**EXERCISE OBJECTIVE:**
Word for word, restate the records from their first line through the line with "明石駅 駅前広場の計画・整備 (兵庫県明石市)", both ends included; omit each picture.

(Source records)
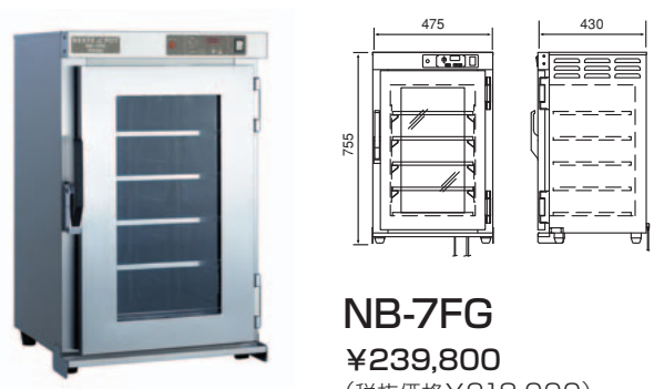
NB-7FG ¥239,800 (税抜価格¥218,000)
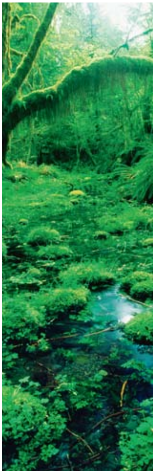
神秘幽暗的雨林，是斑斓大陆的又一种色调。
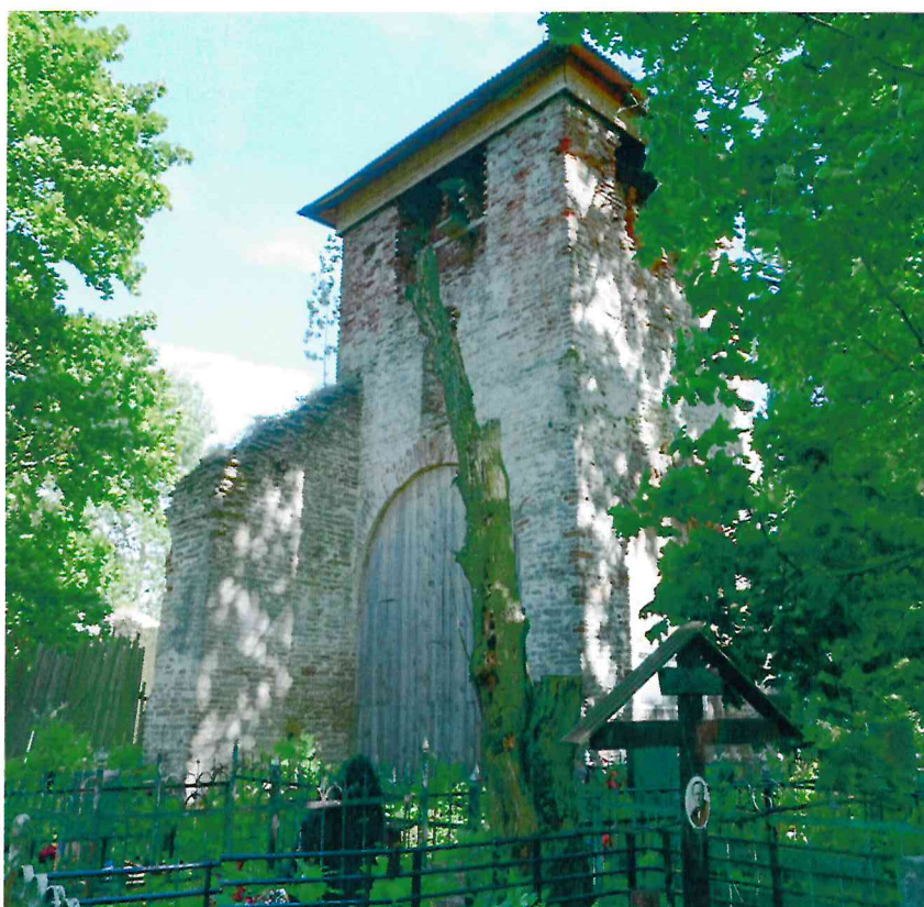
Фото 6. Угол юго-западного и северо-западного фасадов колокольни. Вид с запада
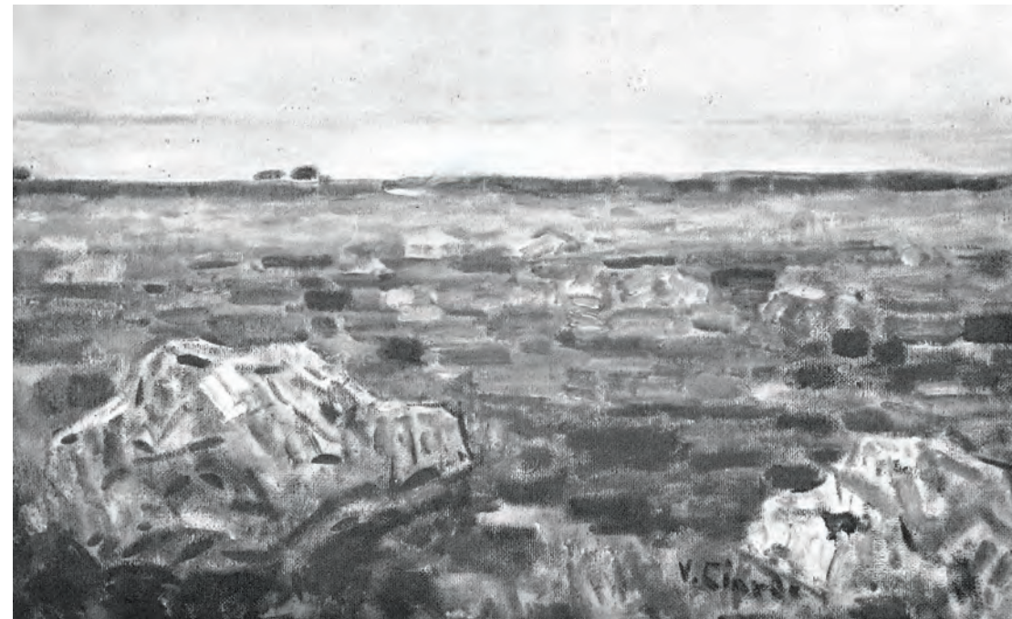
Fig. 6 – Vincenzo Ciardo, Cielo mare e sassi , dal catalogo XXIV Biennale Nazionale d'arte Città di Milano , 1965, ill. p. 67.

Alla Biennale successiva, tenutasi nel 1957, Ciardo propone Note primaverili , che potrebbe essere lo stesso dipinto scelto inizialmente dal Comune di Milano e poi restituitogli. La tela viene acquistata per 200.000 lire dalla
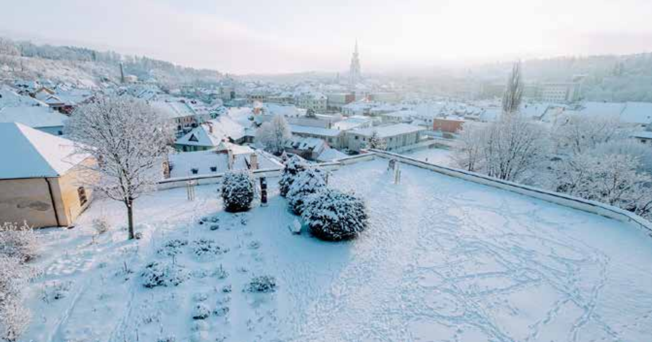
Pohled z trpasličí galerie baziliky sv. Prokopa, foto: Pavel Rybníček
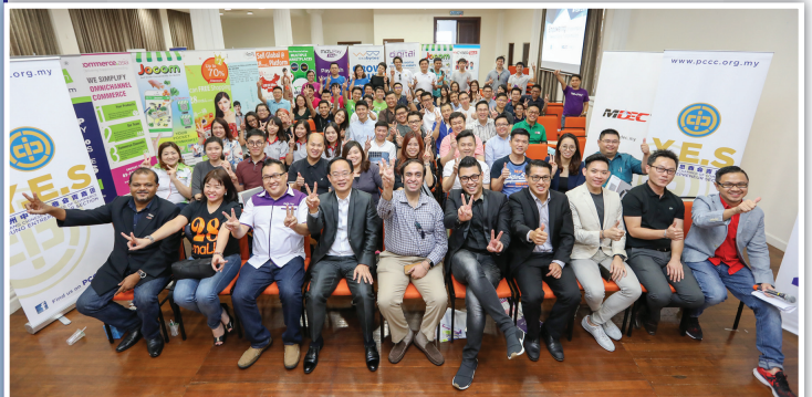
大家在活动结束后, 来张大合照留念。
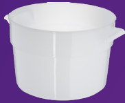
Contenedor para Baño María 2 qt Mod. 020002
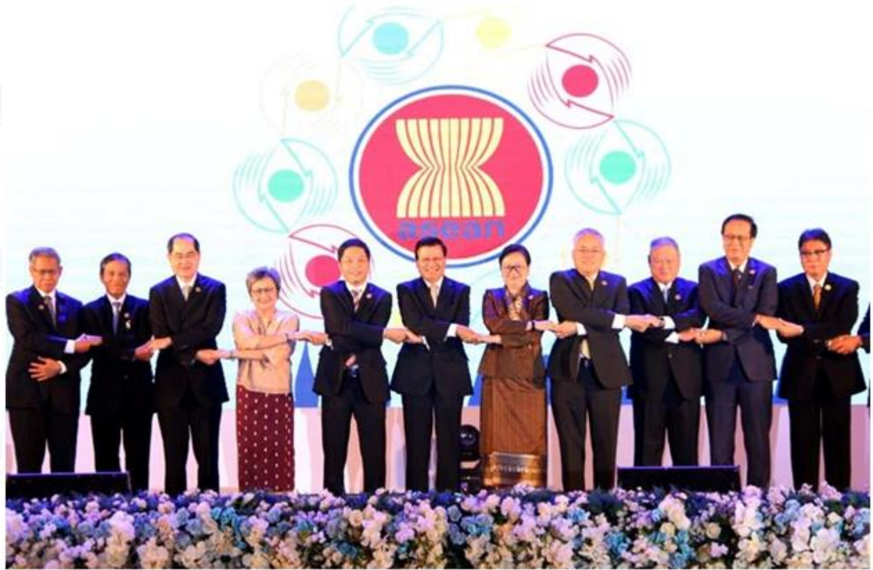
Hợp tác giữa các quốc gia thành viên ASEAN
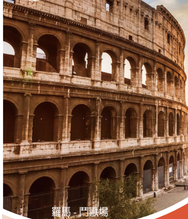
羅馬 - 鬥獸場
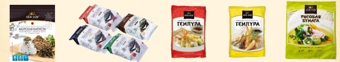
Обжаренные Хлопья - Нори с кунжутом (пластиковый пакет) - 30 г Чипсы нори Original, Wasabi, Kimchi, Teriyaki (металлизированный пакет) - 4,5 г Хлопья «Темпура» панировочные японские (пакет) - 100 г Мука панировочная японская «Темпура» (пакет) - 150 г Рисовая бумага крупная, 22 мм (пакет) - 100г
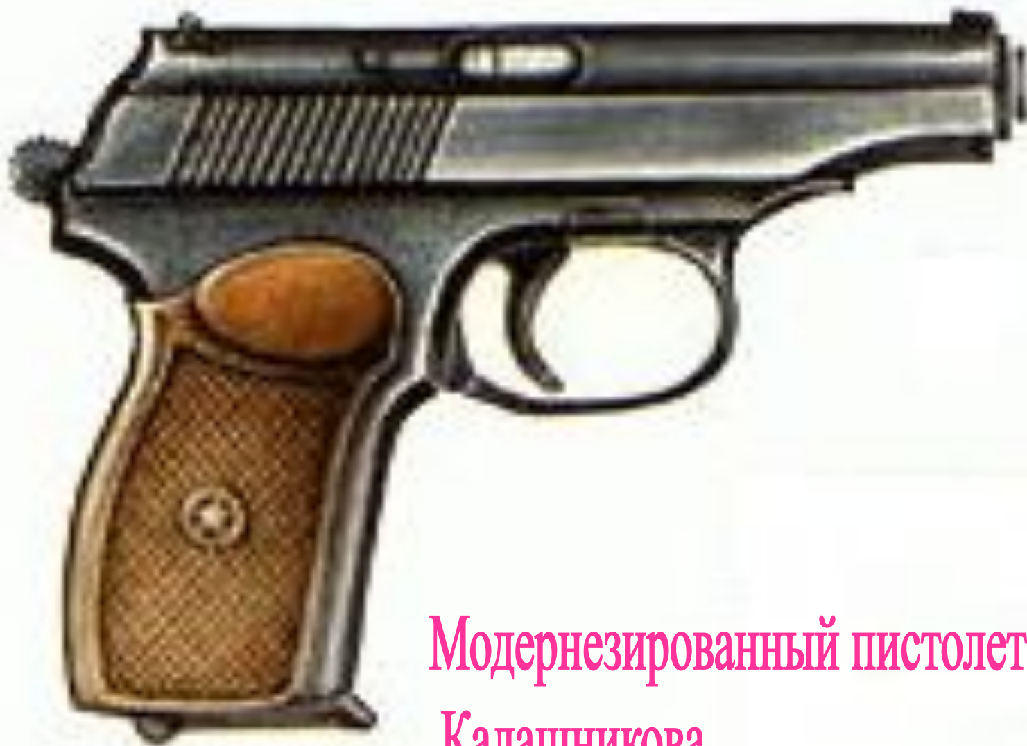
Модернезированный пистолет Калашникова
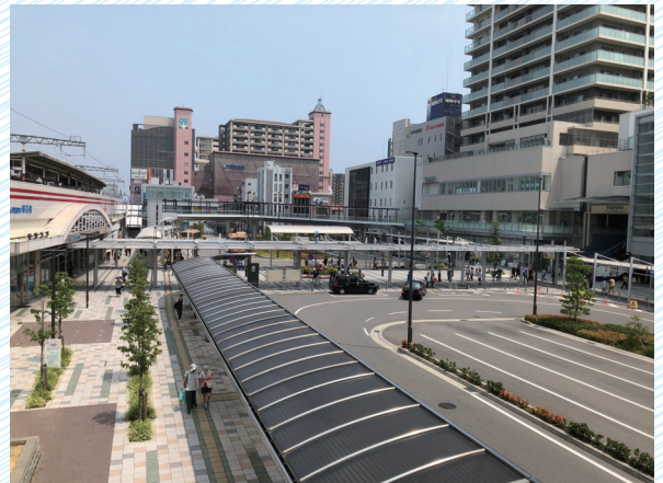
明石駅 駅前広場の計画・整備 (兵庫県明石市)
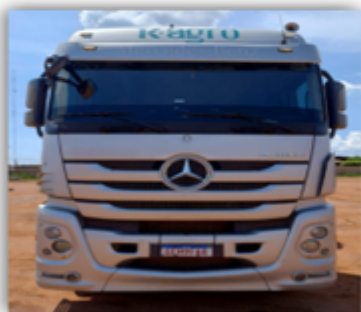
Mercedes Benz ACTROS 2651S 6X4
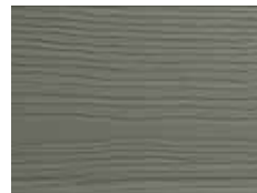
Vent de fumée
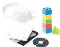
OBJETS EN PLASTIQUE (QUI NE SONT PAS DES EMBALLAGES)
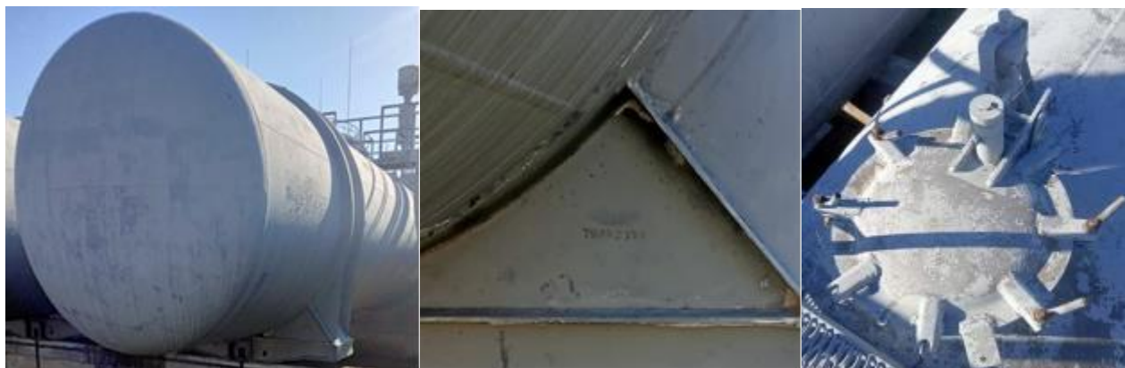
РГС-140 зав. № 79033791
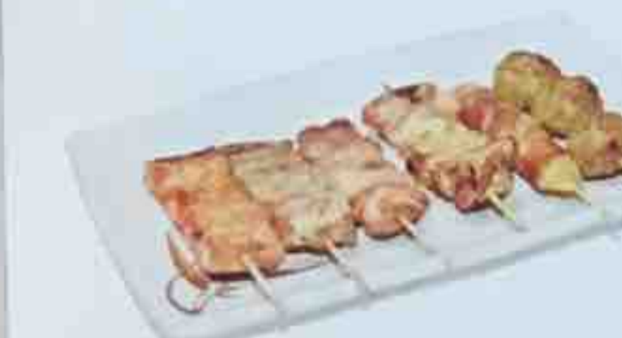
K4. 6 Brochettes: (1 boeuf au fromage, 1 saumon, 1 thon, 1 poulet, 1 aile de poulet, 1 boulette de poulet)
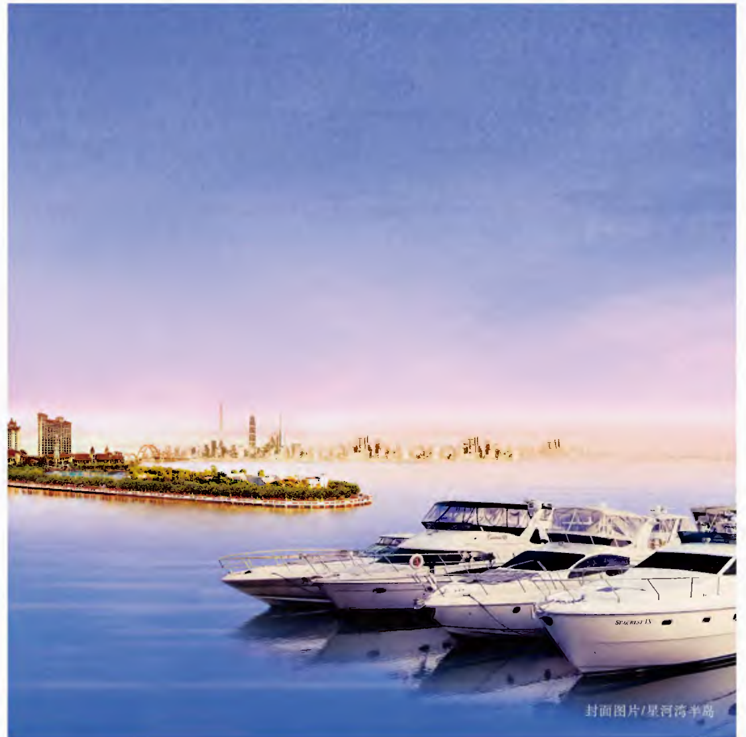
封面图片/星河湾半岛

**EXERCISE RESULT:**
NB-7FG ¥239,800 (税抜価格¥218,000)
神秘幽暗的雨林，是斑斓大陆的又一种色调。
Фото 6. Угол юго-западного и северо-западного фасадов колокольни. Вид с запада
Fig. 6 – Vincenzo Ciardo, Cielo mare e sassi , dal catalogo XXIV Biennale Nazionale d'arte Città di Milano , 1965, ill. p. 67.

Alla Biennale successiva, tenutasi nel 1957, Ciardo propone Note primaverili , che potrebbe essere lo stesso dipinto scelto inizialmente dal Comune di Milano e poi restituitogli. La tela viene acquistata per 200.000 lire dalla
Pohled z trpasličí galerie baziliky sv. Prokopa, foto: Pavel Rybníček
大家在活动结束后, 来张大合照留念。
Contenedor para Baño María 2 qt Mod. 020002
Hợp tác giữa các quốc gia thành viên ASEAN
羅馬 - 鬥獸場
Обжаренные Хлопья - Нори с кунжутом (пластиковый пакет) - 30 г Чипсы нори Original, Wasabi, Kimchi, Teriyaki (металлизированный пакет) - 4,5 г Хлопья «Темпура» панировочные японские (пакет) - 100 г Мука панировочная японская «Темпура» (пакет) - 150 г Рисовая бумага крупная, 22 мм (пакет) - 100г
Модернезированный пистолет Калашникова
明石駅 駅前広場の計画・整備 (兵庫県明石市)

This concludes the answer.